- Cover to the Japanese VHS release of Spanking Love (1995)
- Directed by: Shōji Tanaka
- Written by: Kenichi Yamakawa
- Produced by: Issei Hashiguchi
- Starring: Toshio Kakei; Kumi Shiraishi; Yoshiko Yura;
- Cinematography: Kōichi Saitō
- Edited by: Toshirō Matsutake
- Music by: CO Fusion
- Production company: Japan Home Video
- Distributed by: Daiei
- Release date: May 6, 1995;
- Running time: 100 minutes
- Country: Japan
- Language: Japanese

= Spanking Love =

Spanking Love (スパンキング・ラブ) is a 1995 Japanese erotic film directed by Shōji Tanaka and based on a story by Kenichi Yamakawa.

==Synopsis==
Ryō Masuda (Toshio Kakei) is a director of S&M movies who asks a woman he meets on a crowded street to star in one of his films. The woman, Yumi Sakata, accepts on a whim but her expressive features—in particular, her eyes—make that particular low-budget production into an unexpected hit. Ryō is attracted to her but feels there is something dangerous or evil about her and does not want to have anything more to do with her. However, it is not that simple.

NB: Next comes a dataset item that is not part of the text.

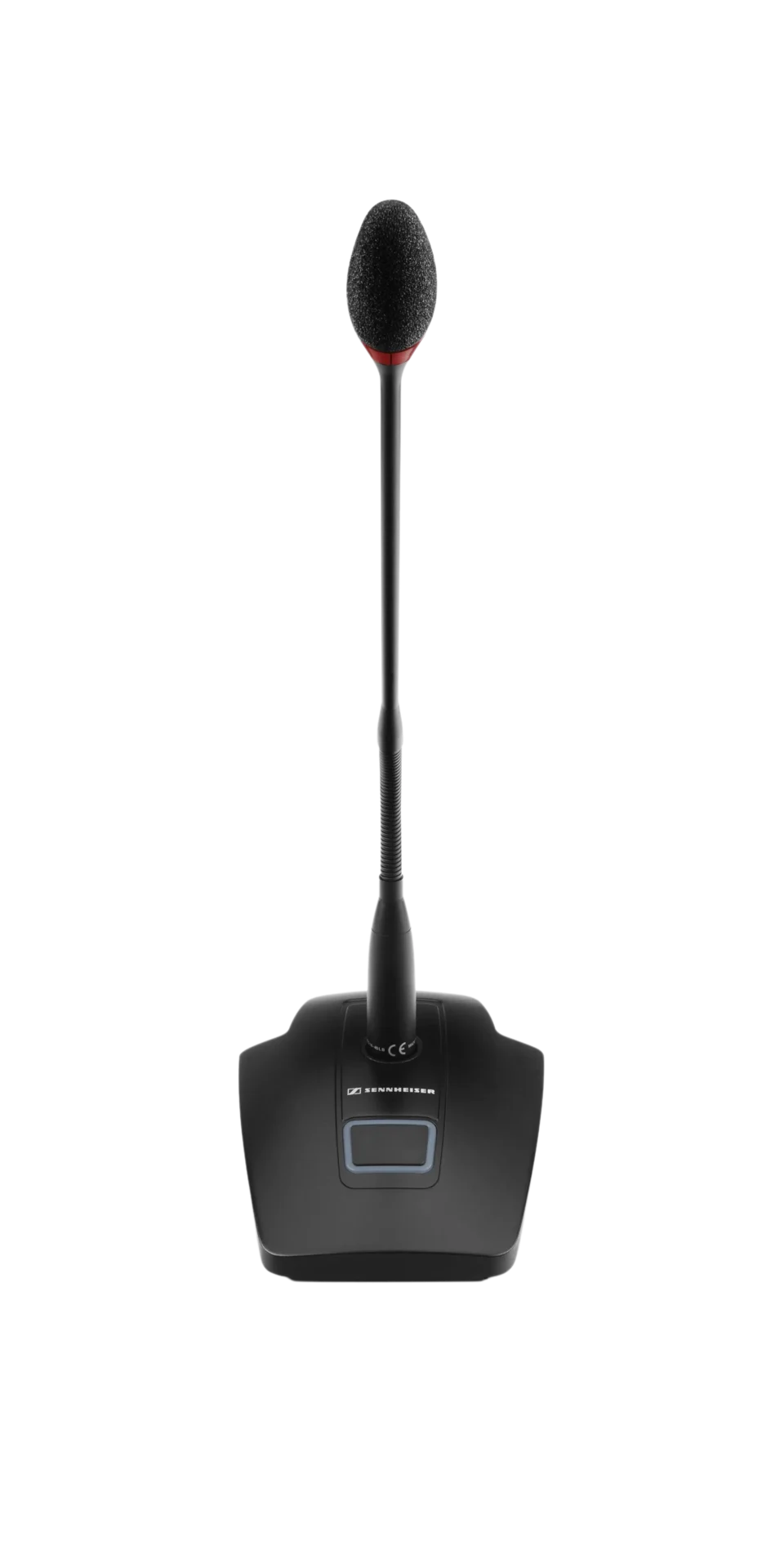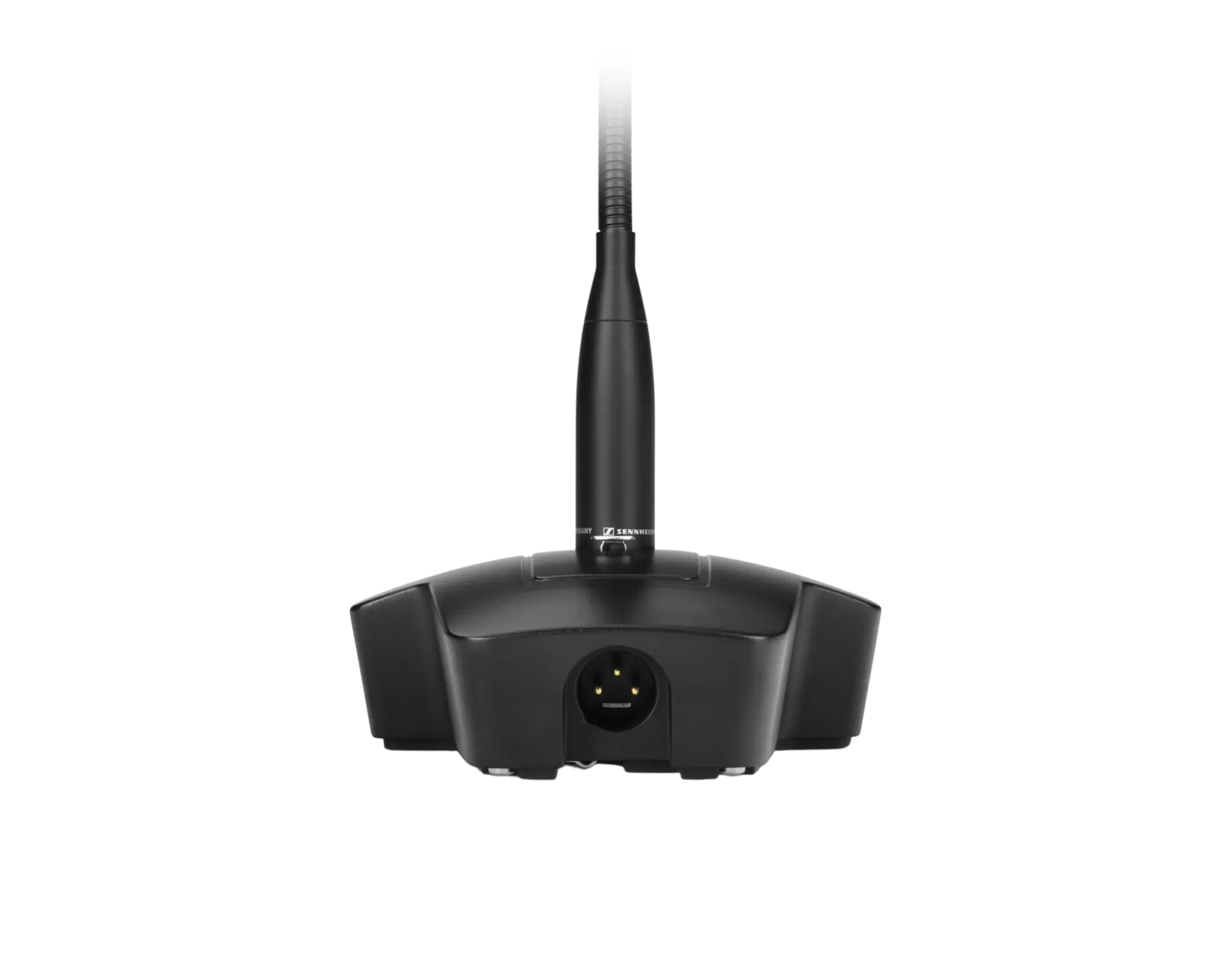 The MAT 153-S is a sturdy, wired table stand that provides a stable base for XLR-5 gooseneck microphones. It has a user-friendly microphone button with a two-color status display that provides quick visual feedback on whether the microphone is active or muted. The TTL logic output on the underside can be used to activate a camera or media control system. The model is available in black color.

Ryō's girlfriend, Mayumi, is a dominatrix who services a very powerful man. Mayumi's client, Mr. Okonogi, wants Yumi to work in an S&M show club he owns. Mayumi fears she may be "sacrificed" if Mr. Okonogi doesn't get want he wants and she begs Ryō to find Yumi and persuade her to go to the S&M club.

Ryō finally persuades Yumi to go to the club with him and Mayumi by telling her that he loves her and that Mayumi is an ex-girlfriend from a long time ago. Yumi becomes a star dominatrix (even through the film Ryō made showed her being whipped rather than whipping submissives as she does at the club).

Ryō finds himself torn between his feelings for Mayumi and Yumi's expectations. He also stands to make a considerable amount of money as Yumi's "manager" and companion.

Mr. Okonogi, who defines sadism and masochism as "two sides of the same coin," and who enjoys watching as well as participating, refuses to let Mayumi retire. It appears that he has the power of life-and-death over her. One of Mayumi's female friends, Natsumi, commits suicide rather than continue working in the S&M industry. Mayumi goes to the funeral. Ryō does not.

==Cast==
- Toshio Kakei (筧利夫) as Ryō Masuda
- Yoshiko Yura (由良よしこ) as Yumi Sakata
- Kumi Shiraishi (白石久美) as Mayumi Yamane (dominatrix)
- Yōsuke Nakajima (中島陽典) as Dai
- Renji Ishibashi (石橋蓮司) as Ryūsaku Okunogi

==Background and availability==
While in Paris as a foreign exchange student in the early 1990s, Issei Sagawa was arrested for the murder and cannibalization of his girlfriend. After his return to Japan, he made an appearance in director Hisayasu Satō's pink film Promiscuous Wife: Disgraceful Torture (1992), which made him into a cult celebrity. Spanking Love became his feature film debut.

Shōji Tanaka filmed Spanking Love for Japan Home Video and it was released in Japan by Daiei on May 6, 1995. Video Maker released it in VHS format in Japan on July 21, 1995, and it was re-released in VHS format on August 4, 2000. In their Japanese Cinema Encyclopedia: The Sex Films (1998), Thomas and Yuko Mihara Weisser gave the film a rating of two out of four stars. Media Blasters released the film in the U.S. in VHS and DVD format on their "Tokyo Shock" label on September 26, 2000.